**Prompt**
In the listing below, find the line with "Emoji可不是英文,而是日" and the line with "This plant grows", then return them and every line between them exactly, minus the pictures.

**Given entries**
--- START ---

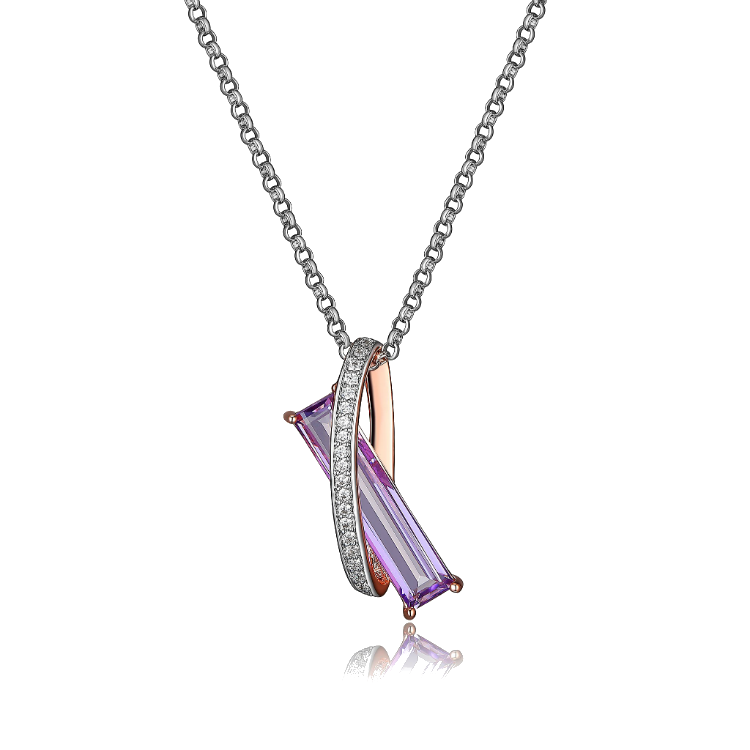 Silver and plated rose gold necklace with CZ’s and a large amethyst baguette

--- END ---
--- START ---

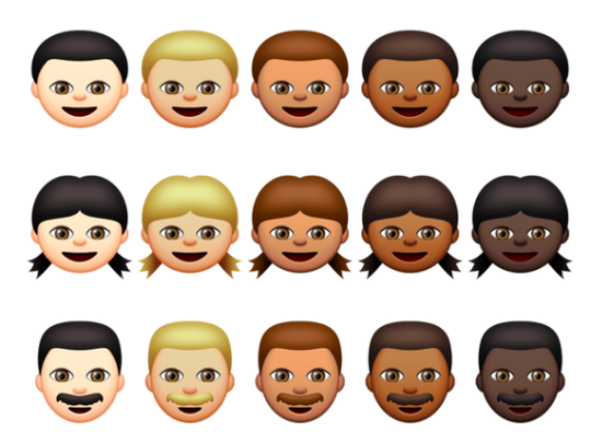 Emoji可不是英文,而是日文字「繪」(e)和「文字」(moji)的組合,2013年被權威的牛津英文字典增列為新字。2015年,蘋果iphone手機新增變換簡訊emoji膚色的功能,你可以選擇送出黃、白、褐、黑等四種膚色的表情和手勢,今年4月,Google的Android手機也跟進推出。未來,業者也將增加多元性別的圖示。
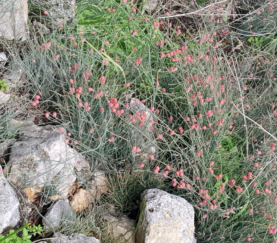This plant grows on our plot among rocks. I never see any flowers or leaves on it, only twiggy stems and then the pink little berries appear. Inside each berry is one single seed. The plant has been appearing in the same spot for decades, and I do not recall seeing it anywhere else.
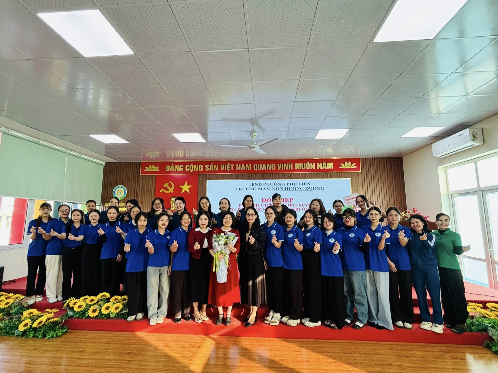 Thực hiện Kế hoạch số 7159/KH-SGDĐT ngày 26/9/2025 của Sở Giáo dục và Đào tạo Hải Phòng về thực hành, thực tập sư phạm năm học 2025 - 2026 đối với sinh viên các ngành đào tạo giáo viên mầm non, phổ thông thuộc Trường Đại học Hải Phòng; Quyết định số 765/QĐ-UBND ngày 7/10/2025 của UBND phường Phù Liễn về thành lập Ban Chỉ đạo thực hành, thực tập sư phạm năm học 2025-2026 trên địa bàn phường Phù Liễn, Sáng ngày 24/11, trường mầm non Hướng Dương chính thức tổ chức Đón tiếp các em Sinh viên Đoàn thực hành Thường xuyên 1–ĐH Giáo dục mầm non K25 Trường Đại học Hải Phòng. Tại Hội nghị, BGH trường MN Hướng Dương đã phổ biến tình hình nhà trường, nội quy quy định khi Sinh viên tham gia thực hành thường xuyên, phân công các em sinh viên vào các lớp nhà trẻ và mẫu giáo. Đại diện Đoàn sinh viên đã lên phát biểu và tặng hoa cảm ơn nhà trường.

--- END ---
--- START ---

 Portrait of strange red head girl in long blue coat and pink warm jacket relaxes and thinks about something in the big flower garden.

--- END ---

**Reply to the task**
 Emoji可不是英文,而是日文字「繪」(e)和「文字」(moji)的組合,2013年被權威的牛津英文字典增列為新字。2015年,蘋果iphone手機新增變換簡訊emoji膚色的功能,你可以選擇送出黃、白、褐、黑等四種膚色的表情和手勢,今年4月,Google的Android手機也跟進推出。未來,業者也將增加多元性別的圖示。
This plant grows on our plot among rocks. I never see any flowers or leaves on it, only twiggy stems and then the pink little berries appear. Inside each berry is one single seed. The plant has been appearing in the same spot for decades, and I do not recall seeing it anywhere else.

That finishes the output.